Acquistò una tessera ferroviaria che gli consentiva di viaggiare illimitatamente sulla rete e partì dalla sua casa di Fockbek, nello stato settentrionale dello Schleswig-Holstein, diretto ad Amburgo, da dove prese un treno notturno per Monaco.

I primi giorni furono difficili. Stolley non riusciva a dormire di notte – la sua tessera ferroviaria non gli permette di utilizzare treni notturni con letti – e tornava spesso a casa per vedere la sua famiglia.

Ma presto si è abituato a vivere sui treni.

Ha comprato un materassino gonfiabile che ha usato per dormire nelle grandi aree bagagli dei treni ad alta velocità durante la notte.

E dopo un anno, ha aggiornato la sua carta di viaggio a una di prima classe – che costa 5.888 euro (6.400 dollari) all’anno – che gli permette di accedere a carrozze più spaziose e alle lounge della Deutsche Bahn.

Una storia d’amore in treno

Ora non ha più bisogno del materassino gonfiabile e può dormire così comodamente in posizione eretta sul sedile del treno che fatica a dormire in un letto normale.

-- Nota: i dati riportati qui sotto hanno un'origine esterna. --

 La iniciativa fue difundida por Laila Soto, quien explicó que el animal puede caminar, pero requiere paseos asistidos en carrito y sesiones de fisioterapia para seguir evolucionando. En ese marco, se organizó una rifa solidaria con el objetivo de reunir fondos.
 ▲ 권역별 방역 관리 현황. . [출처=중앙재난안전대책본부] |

“In un letto normale, mi manca il dondolio del treno che mi scuote un po’ durante la notte”, ha detto.

Stolley lavora anche in viaggio, svolgendo un lavoro part-time di programmazione di applicazioni per una start-up.

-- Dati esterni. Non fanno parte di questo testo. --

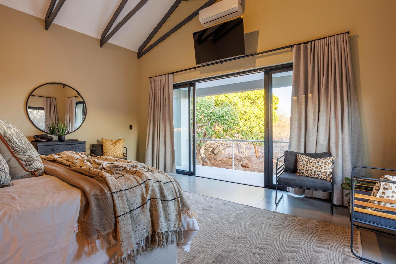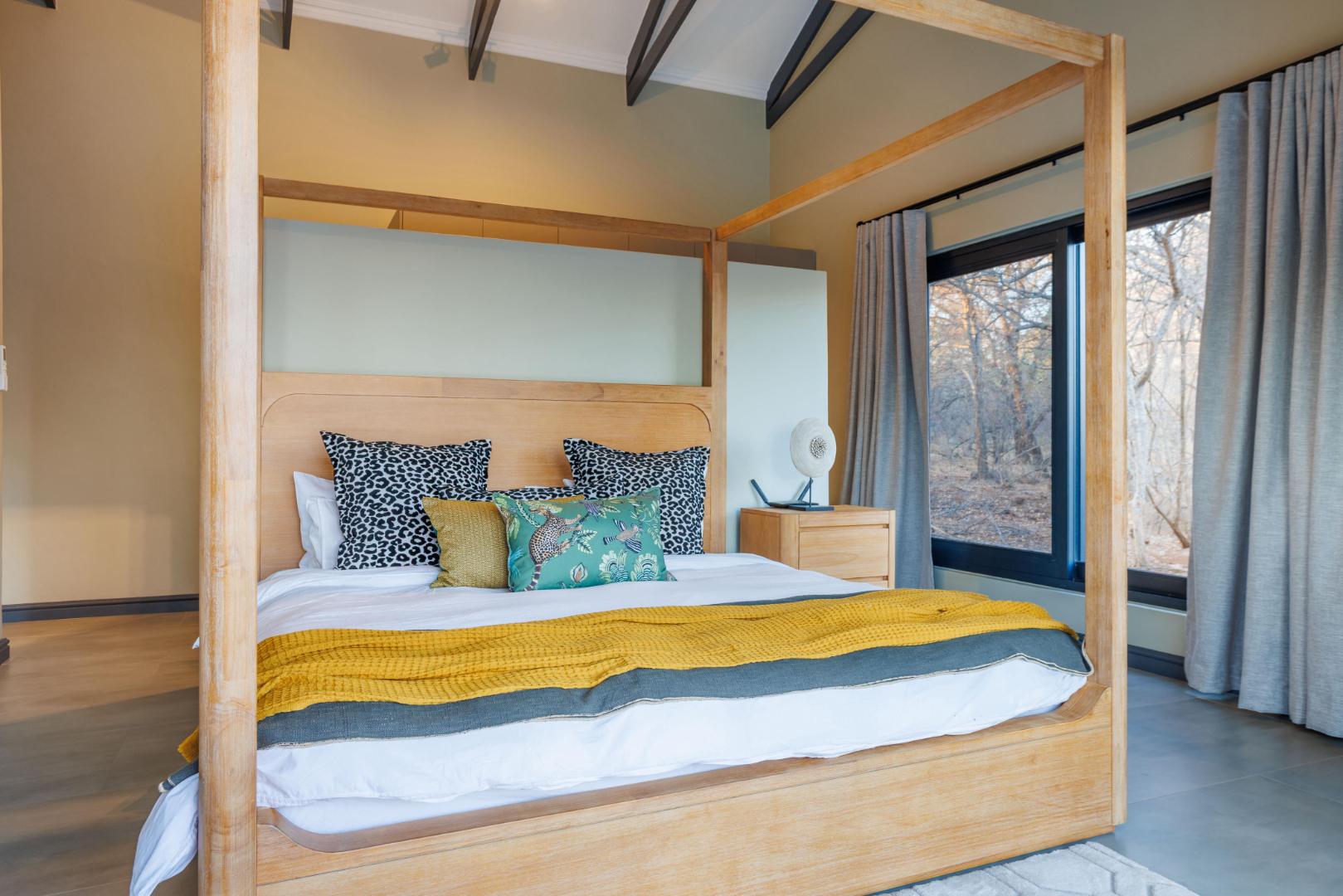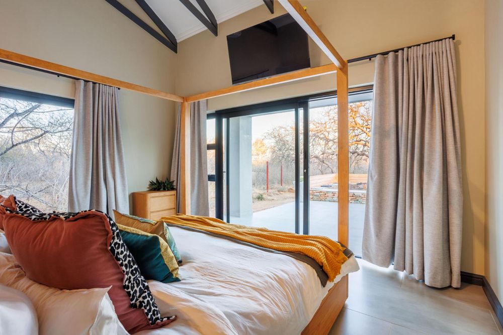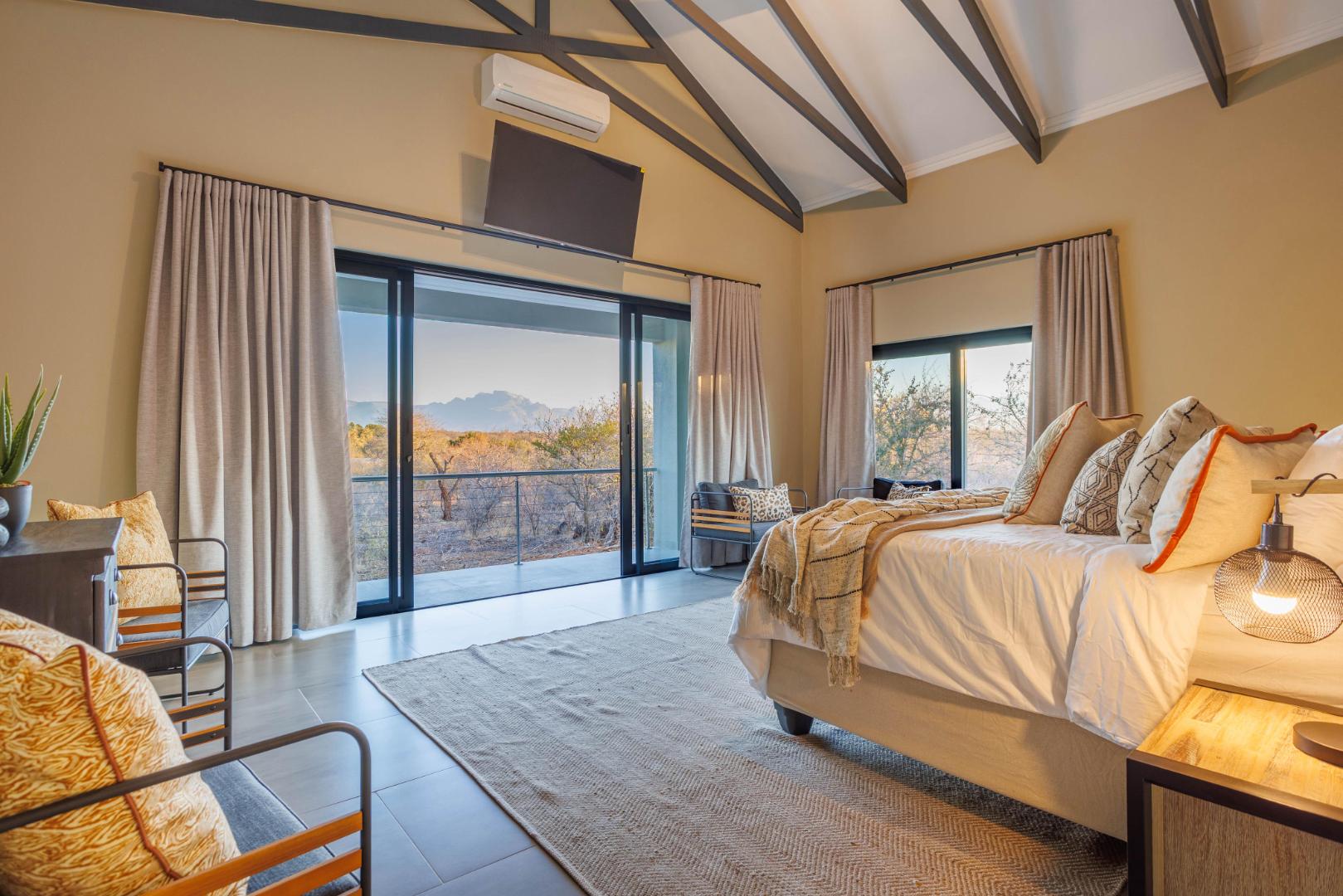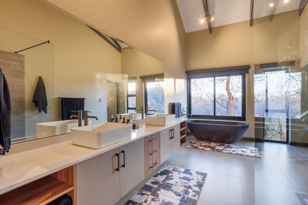The main bedroom is privately set apart from the other bedrooms, creating a peaceful retreat. It offers a large walk-in cupboard, its own private patio, and beautiful views towards Mariepskop. The en-suite bathroom is elegantly designed with a bath, double basins, a large shower, and windows that open to the bush, creating a tranquil and luxurious feel.

Si reca spesso nelle grandi città, come la capitale Berlino o Francoforte, centro finanziario del Paese.

Si reca spesso anche in città più piccole e viaggia attraverso le Alpi; è stato a Basilea in Svizzera e a Salisburgo in Austria, appena oltre il confine tedesco, i punti più a sud coperti dalla sua tessera ferroviaria.

Ma vivere sulla rete ferroviaria tedesca, che secondo i critici versa in uno stato pietoso dopo anni di scarsi investimenti, non è privo di difficoltà.

“Ritardi e altri problemi sono certamente quotidiani”, ha detto Stolley.

Il personale ferroviario ha scioperato regolarmente per ottenere migliori condizioni salariali, paralizzando la rete e costringendo Stolley a dormire negli aeroporti.

Alla domanda su cosa pensassero di una persona che sceglie di vivere a bordo dei loro treni in modo permanente, la Deutsche Bahn ha rifiutato di commentare.

Tuttavia, anche se la vita sulle scricchiolanti ferrovie tedesche a volte può essere un grattacapo, può anche avere dei lati positivi inaspettati: Stolley ha trovato l’amore durante i suoi viaggi, incontrando la sua ragazza nella lounge della stazione ferroviaria di Colonia.

Stolley ha detto che non sa per quanto tempo continuerà a vivere come un vagabondo digitale postmoderno: forse per un altro anno, o cinque.

“Al momento mi sto divertendo molto e sto vivendo tante esperienze ogni giorno”, ha detto.